Vai uma cartelinha aí? Na minha mão é mais barato...

A foto postada por um amigo da área em um site de rede social, da qual não sabemos a autoria ou dados do anunciante, exemplifica bem a situação em que se encontram a maioria da empresas do setor de audiovisual. Falo mais especificamente das pequenas produtoras. Muitas na quase clandestinidade, pois mesmo tendo registros como microempresas ou firmas individuais, vivem a margem do sistema.

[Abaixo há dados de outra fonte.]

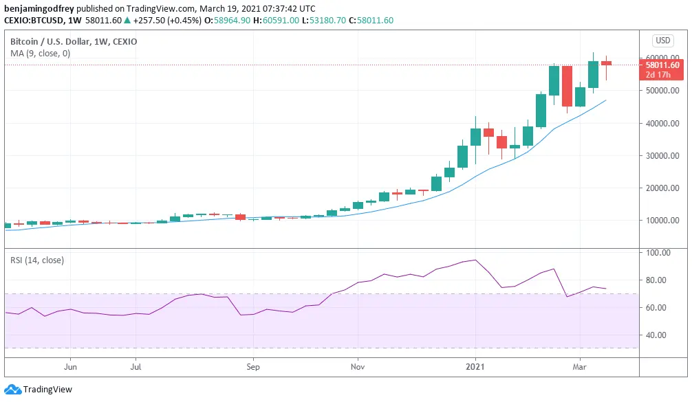On the weekly BTC-USD chart as seen on TradingView, the 9-day Moving Average is bullish, showing a clear bullish run from the low of October 2020.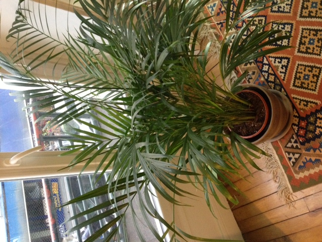 L'automne arrive et il évolue bien. Il a fait 4-5 grandes nouvelles tiges qui ne se sont pas encore "ouvertes" et il a laissé jaunir qlq feuilles en bas (ce qui semble normal pour un palmier).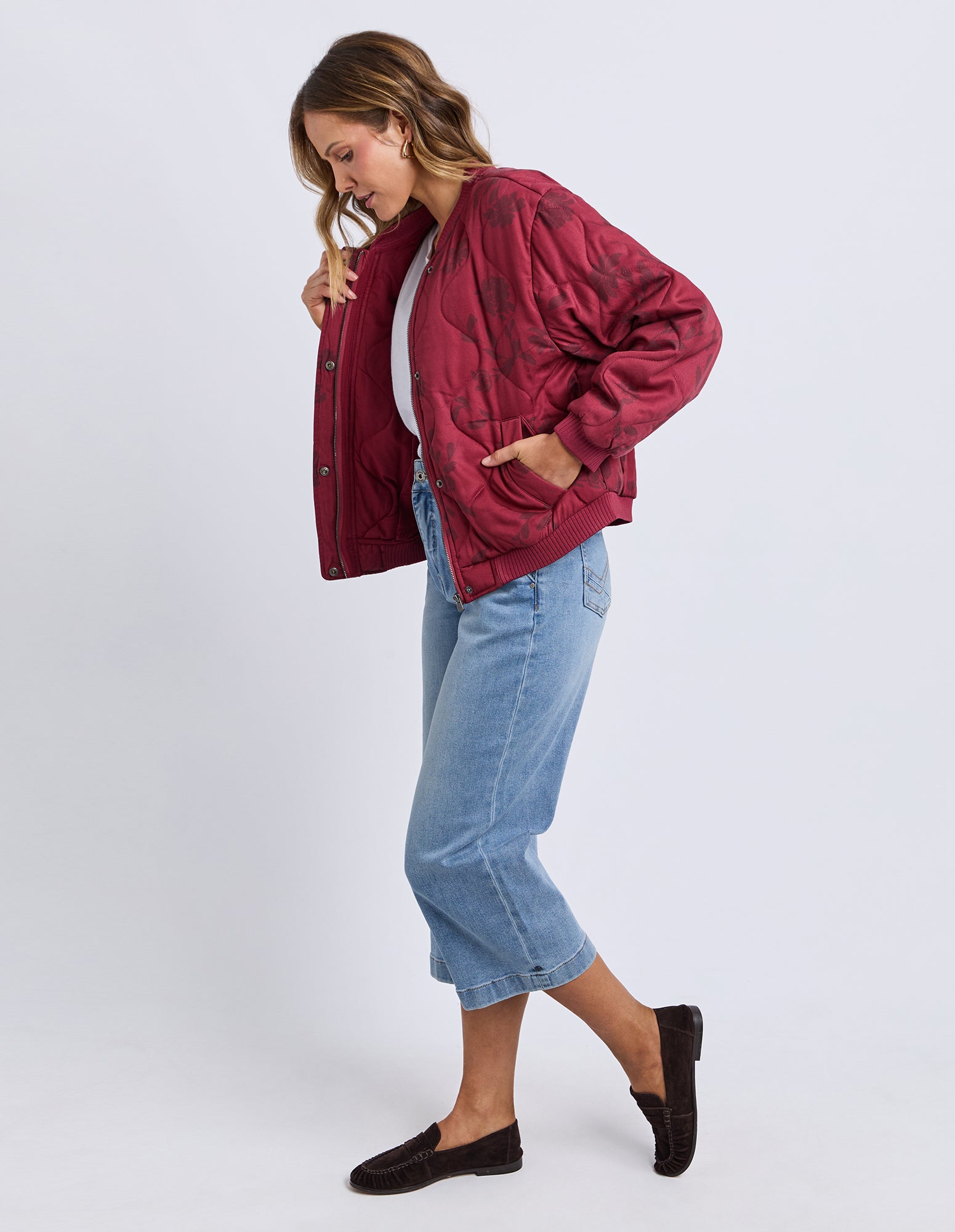The Elm Bramble Jacket combines warmth and style with its beautifully textured onion stitching. Featuring a cosy warm fill and functional welt pockets, this jacket is the perfect layering piece to complement the soft, romantic Bramble print story.

Não é nossa intenção de maneira alguma ridicularizar, segregar ou menosprezar a importância de profissionais como o que colocou a tabuleta, provavelmente na porta de usa casa em algum bairro de uma cidade qualquer desse nosso imenso e multicultura país. O direito ao trabalho e mais que isso, no caso da atividade de produção de cinema ou vídeo, o direito a livre expressão artística é uma conquista universal do ser humano.

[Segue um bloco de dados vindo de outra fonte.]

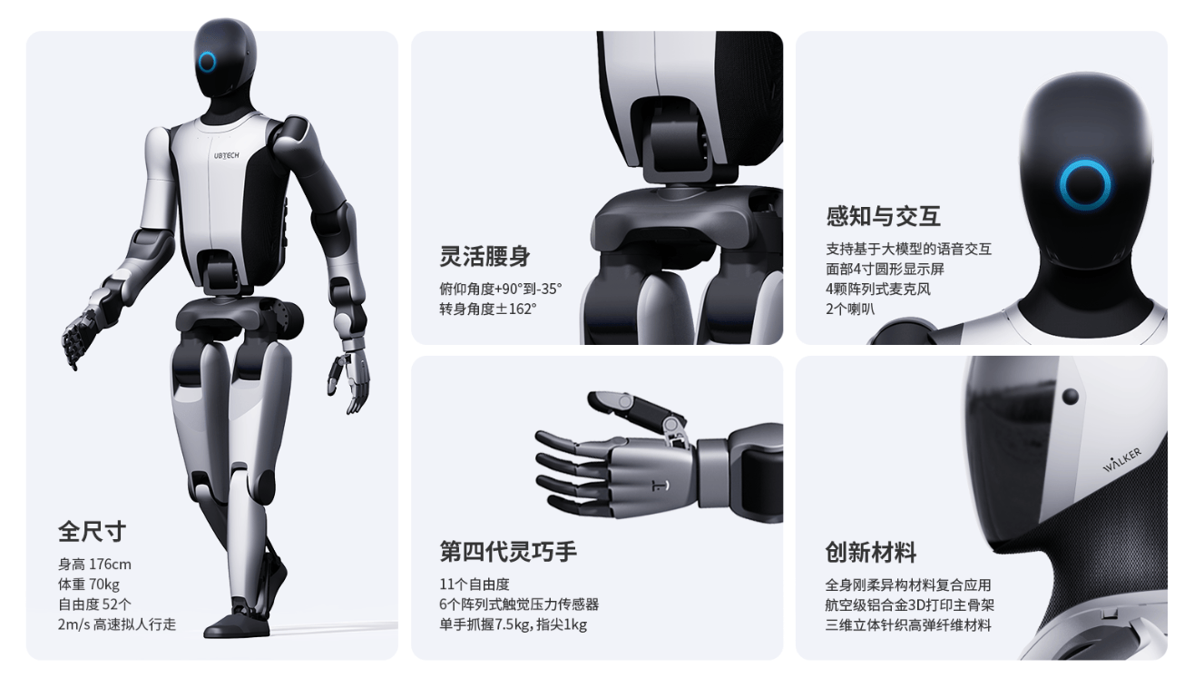 据官网信息显示,Waliker S2 是优必选全新一代工业人形机器人,也是全球首个实现自主换电的人形机器人,其身高 176cm,体重为 70kg,高速拟人行走可达 2m/s。它集成了第四代工业级灵巧手与仿生手臂,能完美复现拟人步态行走与精细操作。其灵巧手可实现亚毫米级操作,耐久性测试超过 8 万次;52 个自由度的躯体使其能在 0-1.8 米空间内完成 15 公斤负载搬运及灵活转动。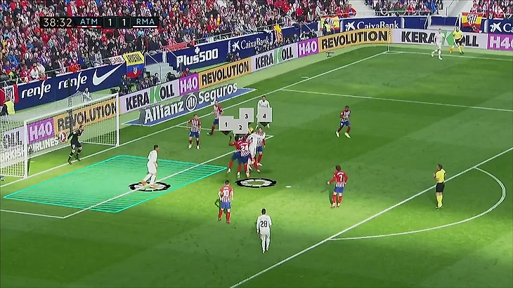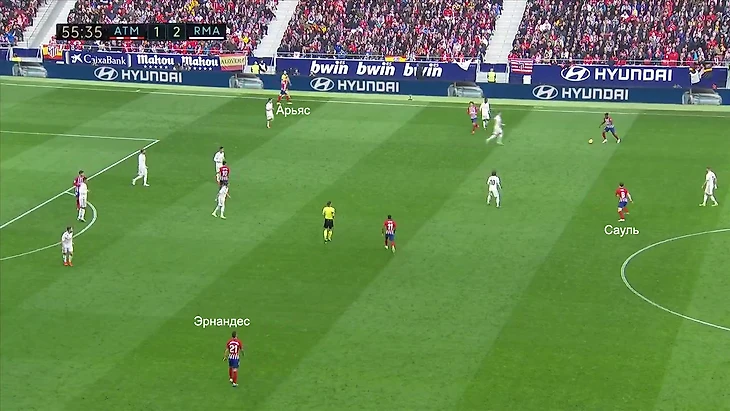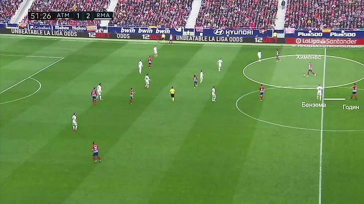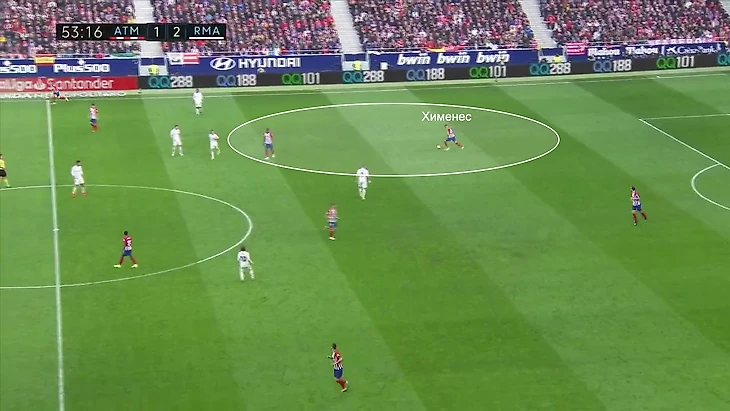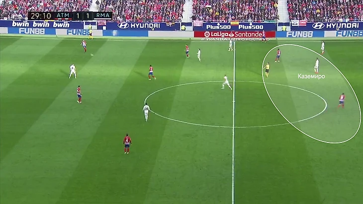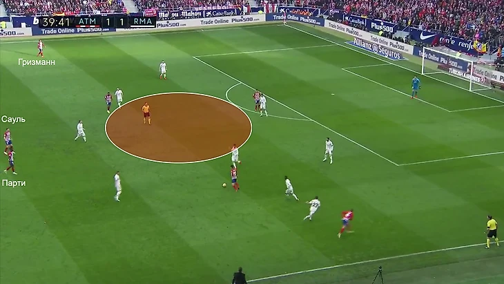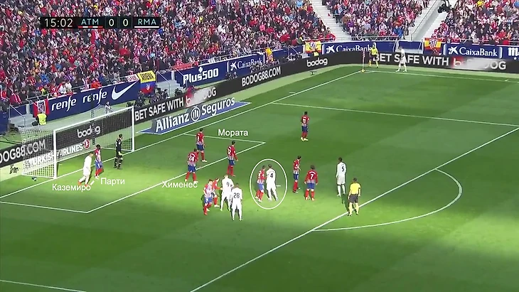 В роли неудачников выступили Парти, Хименес, Мората и Эрнандес, но все виноваты в равной степени. «Атлетико» использует гибридную систему опеки: часть футболистов обороняется персонально, часть – зонально и играет по подаче. Мората и Хименес в данном случае без соперников и действуют по подаче. Парти играет против Каземиро, Эрнандес – против Рамоса:

Provavelmente o cidadão que executa os trabalhos oferecidos na modesta placa, o faz cheio de boa vontade, com seriedade profissional, com a melhor qualidade técnica dentro das possibilidades de seus equipamentos e, principalmente, com a esperança de construir um futuro melhor para sua vida e sua família. Isso é o que sonhamos todos nós, trabalhadores honestos de qualquer segmento profissional.

A criatividade do brasileiro, da qual a placa pendurada no poste é prova, não tem limites e não se cansa nunca de continuar tentando.

No texto anterior, discutimos um pouco dos principais problemas de nossa categoria, através de uma breve contextualização histórica.  Achamos necessário faze-lo para podermos discutir as mudanças que agora, sessenta anos depois, nos desafiam a pensar novos rumos. A nossa tabuleta pregada ao poste nos aponta uma ponta do novelo. Vamos começar então por ela.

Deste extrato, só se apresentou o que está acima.